Une responsable des ressources humaines m’a récemment confié avec beaucoup de frustration à quel point son entreprise avait du mal à améliorer la parité hommes-femmes dans le leadership. Malgré les efforts déployés pour promouvoir davantage de femmes à des postes de direction à haute visibilité, les progrès de l’entreprise ont stagné. Les préjugés sexistes dans le leadership sont devenus un véritable problème.
Elle s’est souvenue d’une époque où, il y a quelques années, une évaluation des talents a identifié trois réalisatrices comme étant très performantes et ayant un fort potentiel d’évolution vers un poste de vice-présidente. Ces femmes ont été promues et les décisions ont été accueillies avec des éloges presque universels. Il s’agissait de femmes dirigeantes éprouvées, de longue date et ayant fait leurs preuves. De nombreux membres de l’entreprise estimaient que les promotions étaient franchement en retard.
À ce jour, aucune de ces femmes n’est restée dans l’entreprise. Alors, qu’est-ce qui n’a pas fonctionné avec ces transitions ?
Dans le rapport 2021 sur les transitions en matière de leadership de DDI, nous avons recueilli des données pour fournir des réponses fondées sur des données probantes sur les raisons de l’échec des transitions en matière de leadership. Cette recherche vise également à identifier les facteurs qui nuisent de manière disproportionnée aux transitions des femmes.

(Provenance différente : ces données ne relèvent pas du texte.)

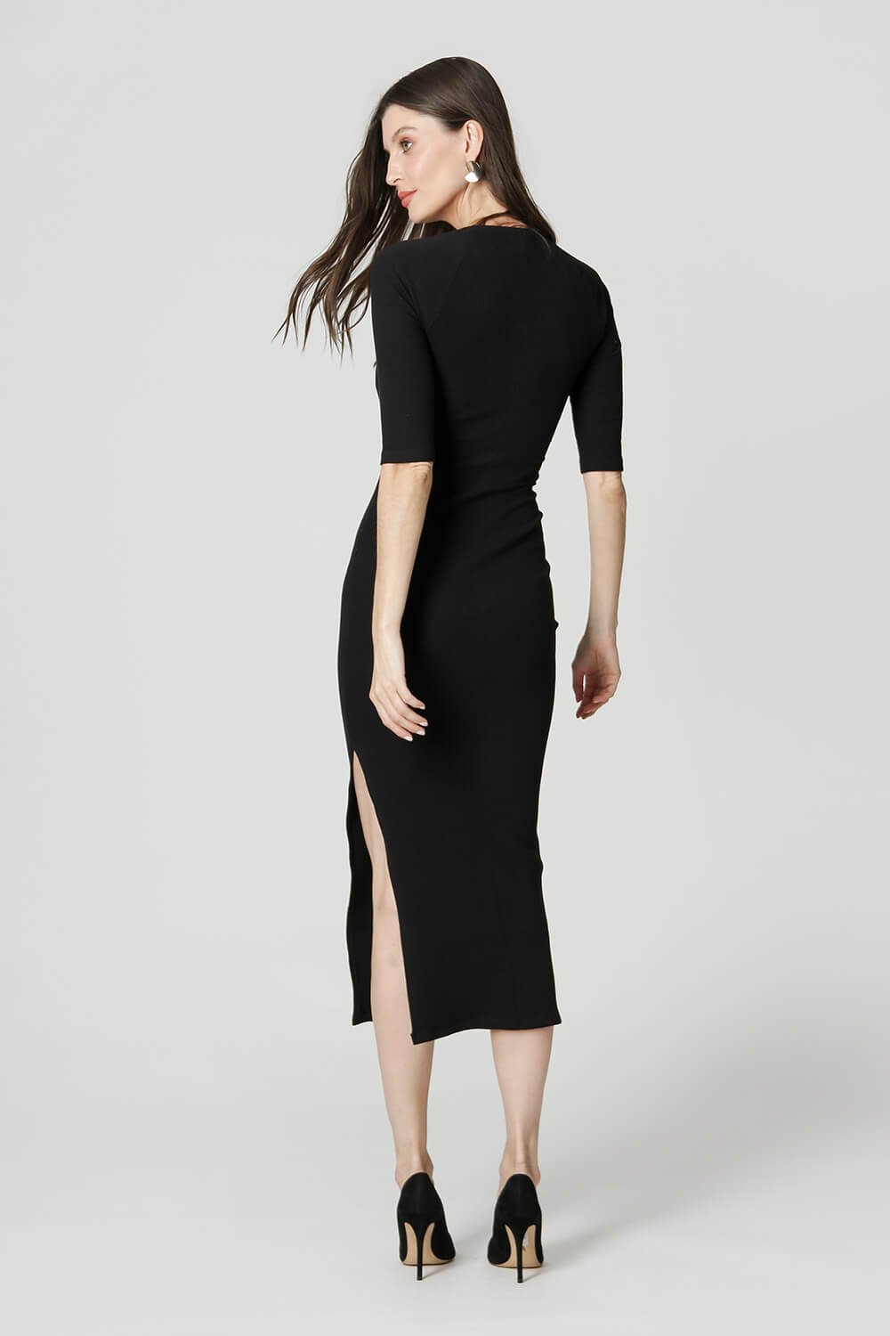 Vestido de largo medio con escote y mangas princesa, detalle de abertura lateral. Un modelo básico y moderno para un look casual.

Des préjugés sexistes en préparation
Nos recherches montrent que les femmes à tous les niveaux reçoivent moins de soutien dans leur transition vers le leadership. Et ils signalent également des niveaux de stress plus élevés dans leurs transitions. De plus, un pourcentage plus élevé d’hommes que de femmes ont indiqué qu’on leur avait donné des attentes claires en matière de réussite dans leurs rôles.
La conclusion? Les femmes n’ont pas les mêmes possibilités de développement que les hommes. Et cela nuit à la capacité des femmes non seulement à progresser, mais si elles accèdent au leadership, elles ne sont pas préparées à réussir.
Une autre statistique qui donne à réfléchir ? Nous avons constaté dans notre rapport sur la diversité et l’inclusion que 45 % des femmes cadres estiment qu’elles devraient changer d’entreprise pour progresser (contre 32 % des hommes). Avec seulement 21 % des femmes qui accèdent au niveau de la haute direction, les données suggèrent que le chemin vers le sommet est beaucoup plus étroit pour les femmes.
Dans un marché du travail hautement concurrentiel, les entreprises ne peuvent pas se permettre d’ignorer ces différences. Dans la guerre des talents, les gagnants cherchent à maximiser le potentiel de l’ensemble de leur personnel. Ils considèrent l’équité entre les sexes comme une priorité stratégique en matière de talents, et pas seulement comme une initiative en matière de diversité. D’autant plus que les avantages commerciaux de la diversité des genres et des ethnies sont bien connus. Comme l’ont révélé nos recherches , les entreprises dont la diversité des genres et des races/ethnies est supérieure à la moyenne sont 8 fois plus susceptibles de figurer dans le top 10 % des organisations en matière de performance financière.
L’une des raisons pour lesquelles les efforts visant à faire en sorte qu’un plus grand nombre de femmes accèdent à des postes de direction échoue est qu’ils se concentrent sur les résultats - la parité entre les sexes - plutôt que sur les causes profondes - l’inégalité systémique. Ces inégalités ne disparaissent pas le jour où une femme est promue à son prochain poste de direction. Ils deviennent simplement plus difficiles à repérer.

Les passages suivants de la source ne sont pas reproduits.